EXPLANATORY MEMORANDUM

1. Resolution 1 – Approval of Non Renounceable Rights Issue

The terms and conditions of options for the issue of which the approval of shareholders is sought pursuant to this resolution are as set out in Rights Issue Prospectus lodged with ASIC on 23 April 2010.

Listing Rules 7.1 and 7.3 of the ASX Listing Rules require certain information to be contained in the notice of meeting and explanatory memorandum where shareholders are to consider a resolution pursuant to Listing Rule 7.1. This information is set out below.

  • (a) The maximum number of securities to be issued: the maximum number of Options to be issued is 73,075,785.

  • (b) The date by which the securities will be issued: no later than three months from the date of shareholder approval, and in any event before 2 June 2010 (subject to shareholder approval).

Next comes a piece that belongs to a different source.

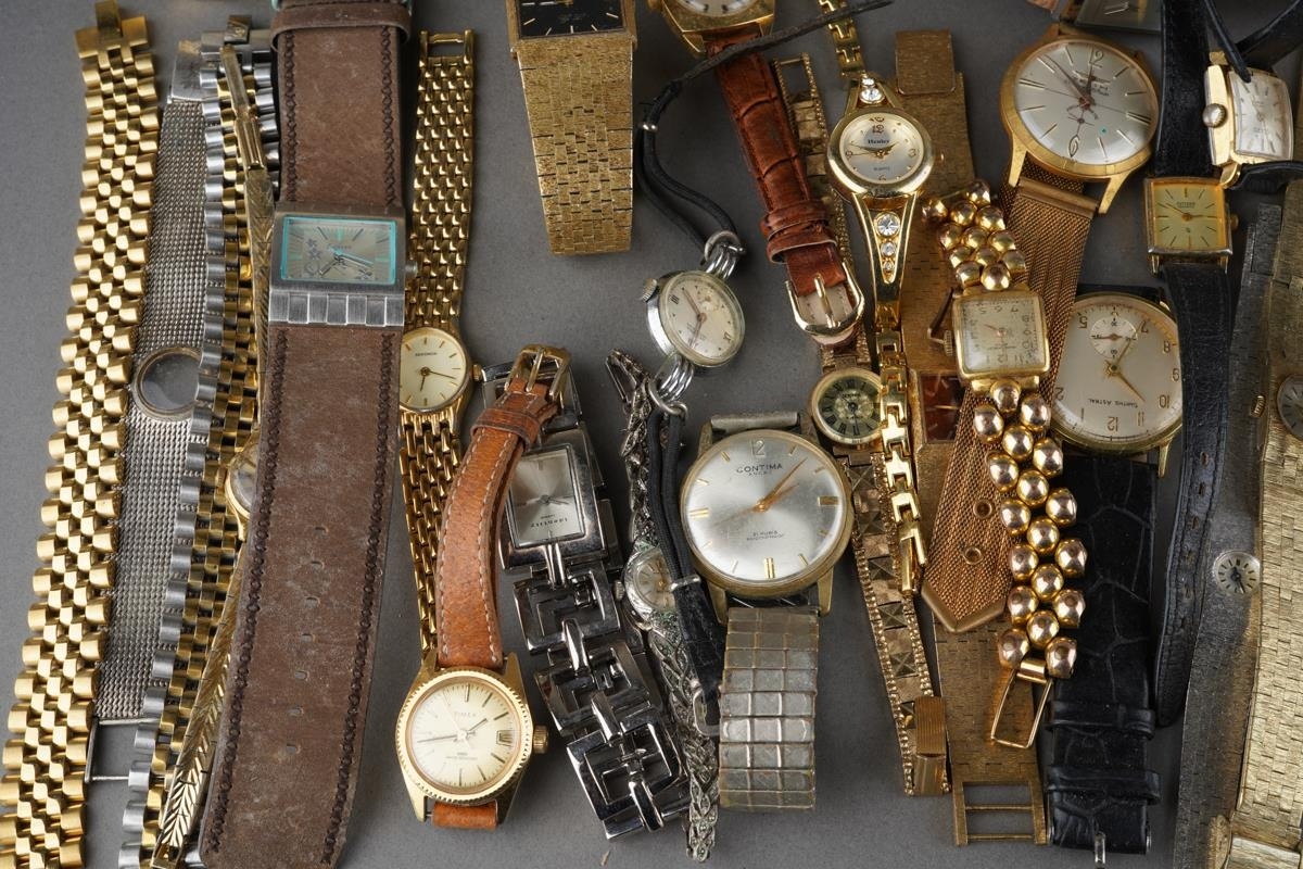 A quantity of ladies and gent's manual and quartz wrist watches, including Swiss Watch Corporation, Smiths Astral, Maurice Lacroix Intuition quartz wrist watch, stainless steel and 18ct gold plated case on integral bracelet numbered 59858, Roamer, Rotary, Accurist, Gillex, Zenith, Contina, Delbana, Limit, Sekonda, gold plated Baume & Mercier ladies watch on broken strap, etc (1 bag)
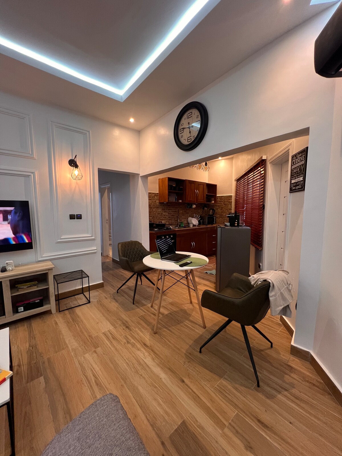 Oubliez vos soucis dans ce studio spacieux, élégant et fonctionnel , avec une grande terrasse qui donne une vue magnifique sur la ville. L’appart est entièrement climatisé, La cuisine dispose de tous les équipements modernes, Le salon est équipé de tv lcd et système hifi Samsung 2.1 pour agrémenter vos instants de détente. Pour les longs séjours , nos agents font le nettoyage général chaque 2 semaines à votre demande. * l’électricité et internet sont à la charge du client.

  • (c) The issue price of the securities: the issue price of the Options will be $0.01 per option.

  • (d) The names of the allottees: Non renounceable rights to the options are to be made to all shareholders of the Company on the record date on the basis of one option per four shares held on that date.

  • (e) The terms of the securities: the Options have an exercise price of $0.10 each and an expiry date of 31 October 2011

  • (f) The intended use of the funds received: the funds raised from the issue and exercise of the Options will be used to fund the Company’s oil and gas production projects and for working capital requirements

  • (g) The dates of allotment or a statement that allotment will occur progressively: the Options will be issued within three days of shareholder approval.

The Directors unanimously recommend that Shareholders vote in favour of the Resolution. The Chairman intends to vote undirected proxies in favour of this Resolution.

2. Resolution 2 – Authority to Issue Shares

In accordance with ASX Listing Rule 7.3 the Company discloses

  • a) The maximum number of securities to be issued pursuant to this resolution is 43,800,000

  • b) The date of allotment and issue of the securities will be as soon as practicable but in any event no later than three months from the date of this meeting.

  • c) The issue price of the securities will be a price not less than 80% of the average ASX market price of ordinary shares of the Company over the five days on which sales in the securities were recorded preceding the date of the issue thereof

  • d) The allottees of the securities are not known at this time but will be such persons or entities who are professional and sophisticated investors as the Directors may determine as defined in the Corporations Act, other than related parties

  • e) The funds to be raised from the placements of the shares will be applied towards the acquisition and development of oil and gas assets of and for the Company.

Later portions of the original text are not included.